*Data*
[Start of Attachment]

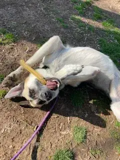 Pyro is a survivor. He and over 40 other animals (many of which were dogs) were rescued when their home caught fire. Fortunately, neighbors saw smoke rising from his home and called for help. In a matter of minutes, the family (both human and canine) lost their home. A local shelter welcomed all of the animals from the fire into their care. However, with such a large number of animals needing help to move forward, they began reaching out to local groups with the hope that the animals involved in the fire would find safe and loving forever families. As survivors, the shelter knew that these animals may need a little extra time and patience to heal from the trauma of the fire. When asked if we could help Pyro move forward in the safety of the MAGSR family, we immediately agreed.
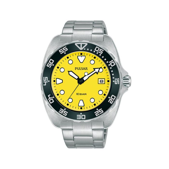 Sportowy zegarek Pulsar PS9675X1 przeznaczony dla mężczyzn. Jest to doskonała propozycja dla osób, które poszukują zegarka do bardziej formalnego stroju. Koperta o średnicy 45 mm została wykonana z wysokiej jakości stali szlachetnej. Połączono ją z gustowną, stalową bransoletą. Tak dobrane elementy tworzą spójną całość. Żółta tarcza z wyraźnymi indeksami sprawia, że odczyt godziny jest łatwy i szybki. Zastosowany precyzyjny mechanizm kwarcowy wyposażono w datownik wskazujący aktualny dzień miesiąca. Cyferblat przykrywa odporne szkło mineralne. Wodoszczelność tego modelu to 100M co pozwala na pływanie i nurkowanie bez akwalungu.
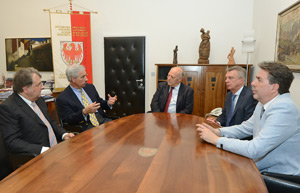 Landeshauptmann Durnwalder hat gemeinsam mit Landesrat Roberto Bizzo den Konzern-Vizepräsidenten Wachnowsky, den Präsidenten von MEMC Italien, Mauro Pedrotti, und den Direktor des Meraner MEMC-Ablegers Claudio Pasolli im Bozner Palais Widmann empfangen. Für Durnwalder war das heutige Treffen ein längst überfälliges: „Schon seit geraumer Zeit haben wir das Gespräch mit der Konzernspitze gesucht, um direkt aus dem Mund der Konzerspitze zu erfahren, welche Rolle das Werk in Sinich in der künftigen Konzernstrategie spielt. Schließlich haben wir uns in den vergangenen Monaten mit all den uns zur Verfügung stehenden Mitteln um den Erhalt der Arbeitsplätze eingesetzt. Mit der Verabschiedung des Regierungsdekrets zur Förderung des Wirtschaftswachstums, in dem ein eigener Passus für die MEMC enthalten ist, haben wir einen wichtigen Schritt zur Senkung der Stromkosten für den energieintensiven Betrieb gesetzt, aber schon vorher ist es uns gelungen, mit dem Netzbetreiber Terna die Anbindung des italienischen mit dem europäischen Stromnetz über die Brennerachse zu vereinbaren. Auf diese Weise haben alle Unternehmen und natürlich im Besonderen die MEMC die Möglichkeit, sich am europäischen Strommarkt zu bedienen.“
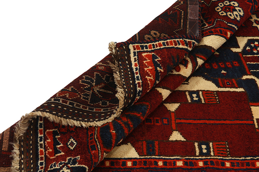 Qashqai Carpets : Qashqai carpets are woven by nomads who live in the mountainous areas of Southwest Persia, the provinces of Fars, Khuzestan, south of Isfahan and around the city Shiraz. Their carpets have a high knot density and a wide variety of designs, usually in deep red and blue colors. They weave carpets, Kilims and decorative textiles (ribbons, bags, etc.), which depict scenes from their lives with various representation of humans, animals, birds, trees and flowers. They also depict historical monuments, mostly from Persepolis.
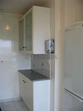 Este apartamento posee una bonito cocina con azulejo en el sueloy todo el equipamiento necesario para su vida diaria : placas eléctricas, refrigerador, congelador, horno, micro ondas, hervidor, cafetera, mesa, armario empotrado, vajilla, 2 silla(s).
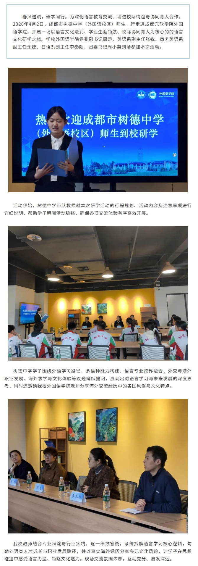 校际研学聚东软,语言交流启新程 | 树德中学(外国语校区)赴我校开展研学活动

[End of Attachment]
[Start of Attachment]

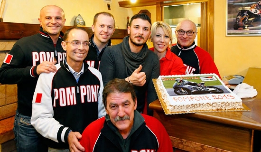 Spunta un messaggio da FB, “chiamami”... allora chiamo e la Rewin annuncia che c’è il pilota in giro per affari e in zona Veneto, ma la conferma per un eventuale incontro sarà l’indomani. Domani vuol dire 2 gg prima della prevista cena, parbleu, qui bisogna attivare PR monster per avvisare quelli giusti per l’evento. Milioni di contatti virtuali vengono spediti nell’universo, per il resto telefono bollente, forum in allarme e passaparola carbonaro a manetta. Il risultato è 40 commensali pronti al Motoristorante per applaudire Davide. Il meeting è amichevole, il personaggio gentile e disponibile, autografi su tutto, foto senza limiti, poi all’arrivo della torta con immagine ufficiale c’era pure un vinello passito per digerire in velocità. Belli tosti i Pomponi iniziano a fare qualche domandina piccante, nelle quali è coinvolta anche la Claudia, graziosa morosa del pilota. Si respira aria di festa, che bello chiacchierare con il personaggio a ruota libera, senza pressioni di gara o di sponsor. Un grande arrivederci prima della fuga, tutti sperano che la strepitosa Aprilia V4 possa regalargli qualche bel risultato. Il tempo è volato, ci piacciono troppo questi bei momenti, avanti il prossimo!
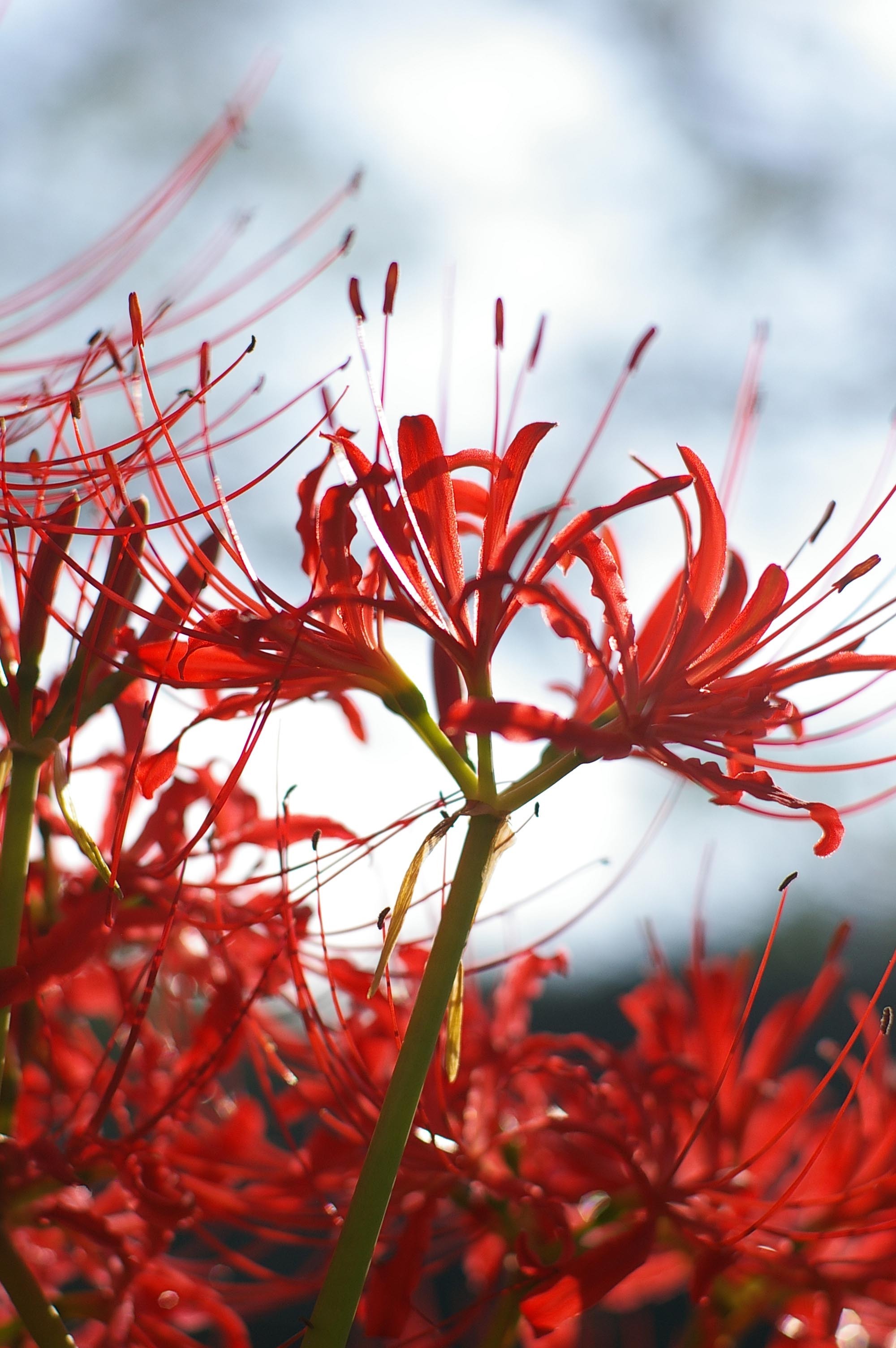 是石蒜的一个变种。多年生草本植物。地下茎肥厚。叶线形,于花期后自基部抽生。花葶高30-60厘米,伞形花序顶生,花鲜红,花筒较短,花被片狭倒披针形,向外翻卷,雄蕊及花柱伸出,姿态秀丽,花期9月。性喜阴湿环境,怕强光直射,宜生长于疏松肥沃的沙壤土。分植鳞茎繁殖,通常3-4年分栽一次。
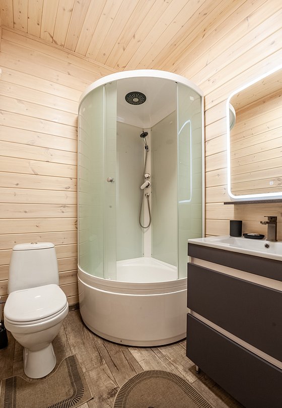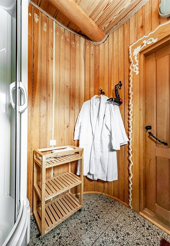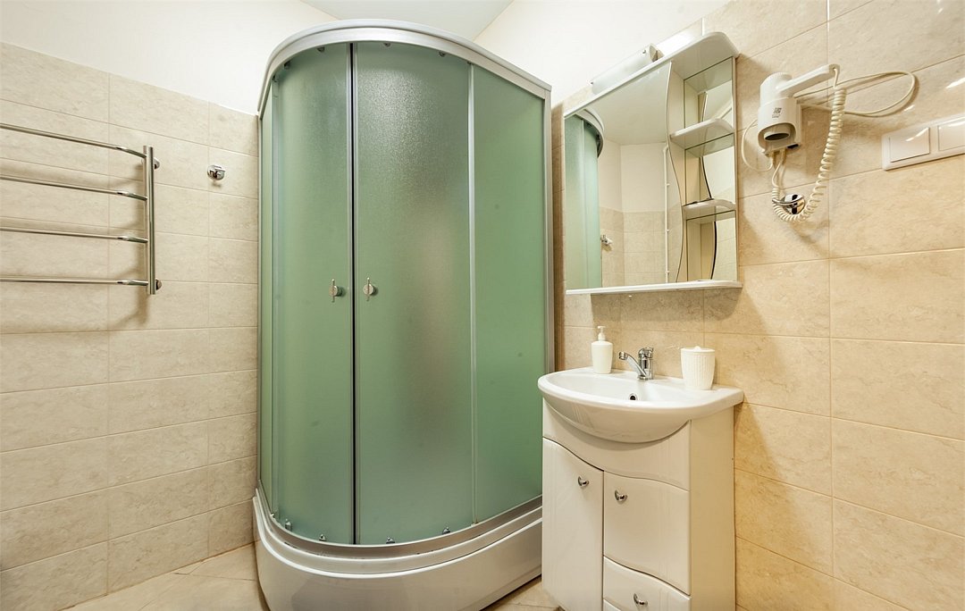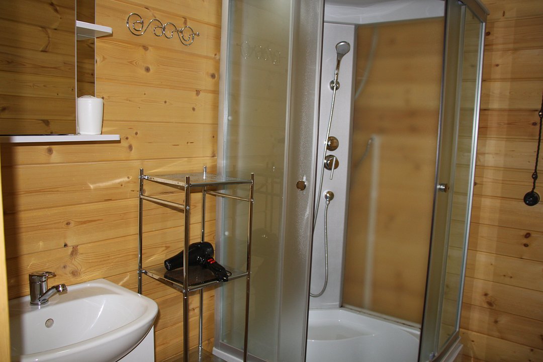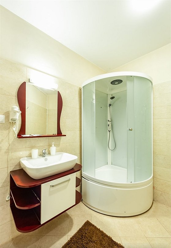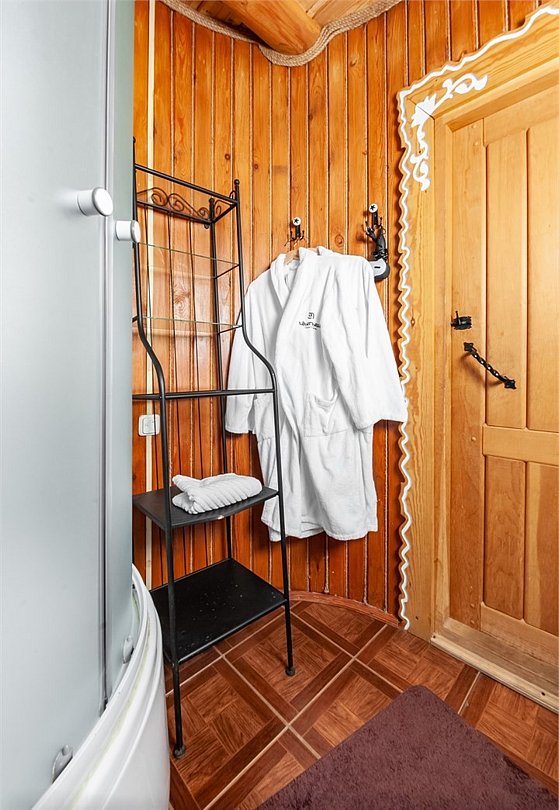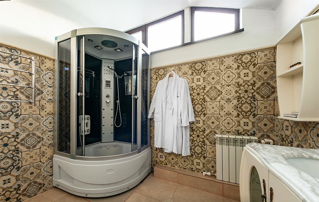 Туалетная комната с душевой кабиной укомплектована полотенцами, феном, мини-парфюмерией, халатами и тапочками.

[End of Attachment]
[Start of Attachment]

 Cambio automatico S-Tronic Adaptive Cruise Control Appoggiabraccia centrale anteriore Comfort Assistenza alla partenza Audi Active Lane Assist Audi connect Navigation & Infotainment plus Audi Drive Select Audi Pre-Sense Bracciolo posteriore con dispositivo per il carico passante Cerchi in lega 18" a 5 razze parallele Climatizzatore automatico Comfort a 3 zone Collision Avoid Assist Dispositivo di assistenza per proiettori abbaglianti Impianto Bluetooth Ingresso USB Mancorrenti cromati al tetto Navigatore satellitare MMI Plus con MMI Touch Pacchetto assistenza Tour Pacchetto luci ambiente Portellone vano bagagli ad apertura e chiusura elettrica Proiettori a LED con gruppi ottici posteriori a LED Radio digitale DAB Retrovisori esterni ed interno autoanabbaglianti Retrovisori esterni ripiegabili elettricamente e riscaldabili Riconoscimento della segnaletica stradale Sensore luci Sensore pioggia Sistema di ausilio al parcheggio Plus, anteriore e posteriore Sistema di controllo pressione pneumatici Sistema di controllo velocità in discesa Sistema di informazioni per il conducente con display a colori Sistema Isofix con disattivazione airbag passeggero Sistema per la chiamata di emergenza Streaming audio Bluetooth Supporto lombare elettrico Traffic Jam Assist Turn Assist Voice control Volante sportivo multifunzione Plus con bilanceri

[End of Attachment]

*Exercise aim*
While skipping the pictures, transcribe the data above from the line showing "Pyro is a survivor." through the line showing "Sportowy zegarek Pulsar", exactly and with both ends.

*Exercise response*
 Pyro is a survivor. He and over 40 other animals (many of which were dogs) were rescued when their home caught fire. Fortunately, neighbors saw smoke rising from his home and called for help. In a matter of minutes, the family (both human and canine) lost their home. A local shelter welcomed all of the animals from the fire into their care. However, with such a large number of animals needing help to move forward, they began reaching out to local groups with the hope that the animals involved in the fire would find safe and loving forever families. As survivors, the shelter knew that these animals may need a little extra time and patience to heal from the trauma of the fire. When asked if we could help Pyro move forward in the safety of the MAGSR family, we immediately agreed.
 Sportowy zegarek Pulsar PS9675X1 przeznaczony dla mężczyzn. Jest to doskonała propozycja dla osób, które poszukują zegarka do bardziej formalnego stroju. Koperta o średnicy 45 mm została wykonana z wysokiej jakości stali szlachetnej. Połączono ją z gustowną, stalową bransoletą. Tak dobrane elementy tworzą spójną całość. Żółta tarcza z wyraźnymi indeksami sprawia, że odczyt godziny jest łatwy i szybki. Zastosowany precyzyjny mechanizm kwarcowy wyposażono w datownik wskazujący aktualny dzień miesiąca. Cyferblat przykrywa odporne szkło mineralne. Wodoszczelność tego modelu to 100M co pozwala na pływanie i nurkowanie bez akwalungu.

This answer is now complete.